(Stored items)

--------

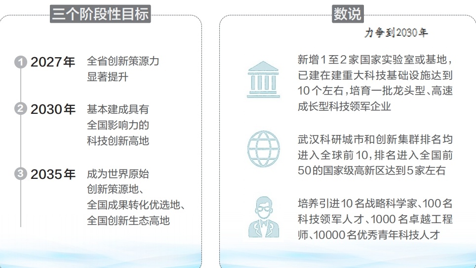 围绕3个阶段性目标,冯艳飞说,湖北将强化创新策源体系化支撑,分别从力量建设、空间布局、科技攻关、成果转化、人才集聚、创新生态等6个方面,部署22项重点任务。
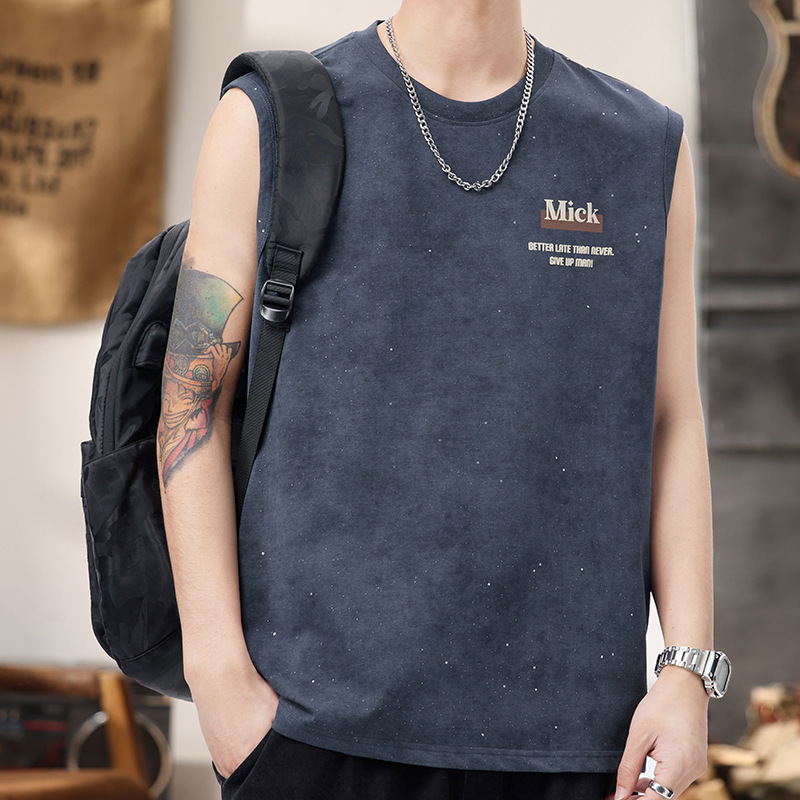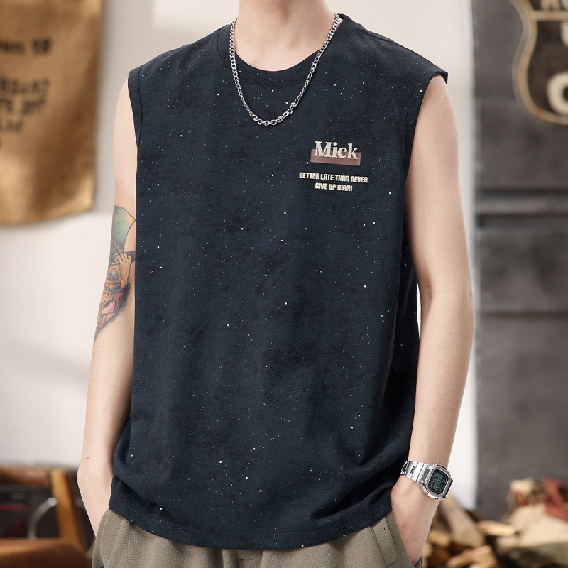 夏季新款满天星印花背心男薄款吸汗跨栏运动坎肩汗衫速干无袖T恤
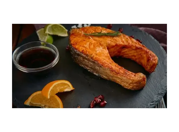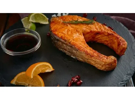 Форель на углях, вес 300 гр. Без учёта ужарки, гранатовый соус, лимон
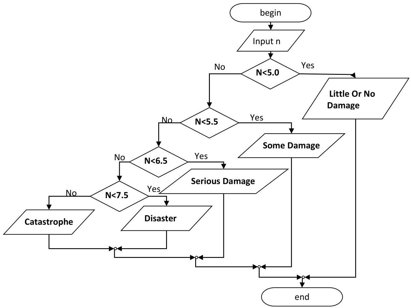 Write the flowchart the national earthquake information center has the following criteria to determine the earthquake's damage. Here are the given richter scale criteria and their corresponding characterization. The richter scale serves as the inoput data and the characterization as output information.
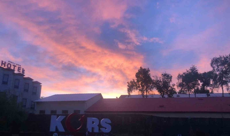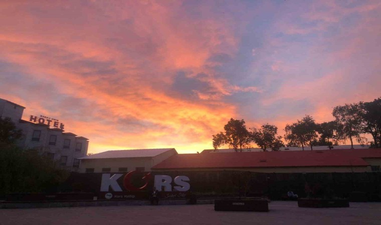 Kars’ta akşam saatlerinde kızıla bürünen gökyüzü görenleri şaşırttı.
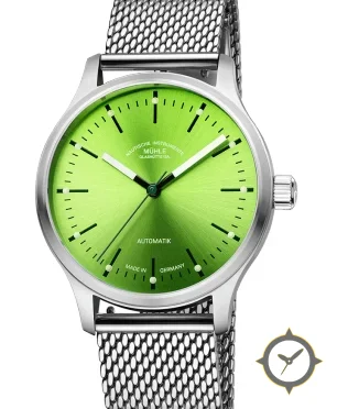 A Minimalist watch with a bold 45mm presence on the wrist, crafted from stainless steel featuring a green dial with a unique sunburst finish.
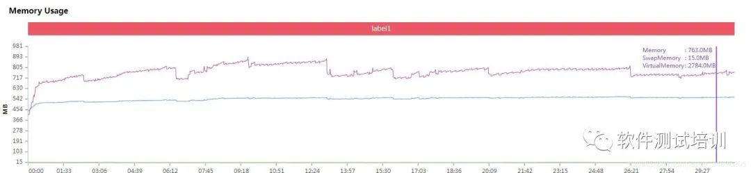 此图一出,基本就可以断定内存泄露了,这是正常玩游戏,游戏运行了30分钟的内存趋势图;

--------

EXERCISE GOAL: Transcribe each entry above character for character, omitting pictures.

REPLY TO THE TASK:
 围绕3个阶段性目标,冯艳飞说,湖北将强化创新策源体系化支撑,分别从力量建设、空间布局、科技攻关、成果转化、人才集聚、创新生态等6个方面,部署22项重点任务。
 夏季新款满天星印花背心男薄款吸汗跨栏运动坎肩汗衫速干无袖T恤
 Форель на углях, вес 300 гр. Без учёта ужарки, гранатовый соус, лимон
 Write the flowchart the national earthquake information center has the following criteria to determine the earthquake's damage. Here are the given richter scale criteria and their corresponding characterization. The richter scale serves as the inoput data and the characterization as output information.
 Kars’ta akşam saatlerinde kızıla bürünen gökyüzü görenleri şaşırttı.
 A Minimalist watch with a bold 45mm presence on the wrist, crafted from stainless steel featuring a green dial with a unique sunburst finish.
 此图一出,基本就可以断定内存泄露了,这是正常玩游戏,游戏运行了30分钟的内存趋势图;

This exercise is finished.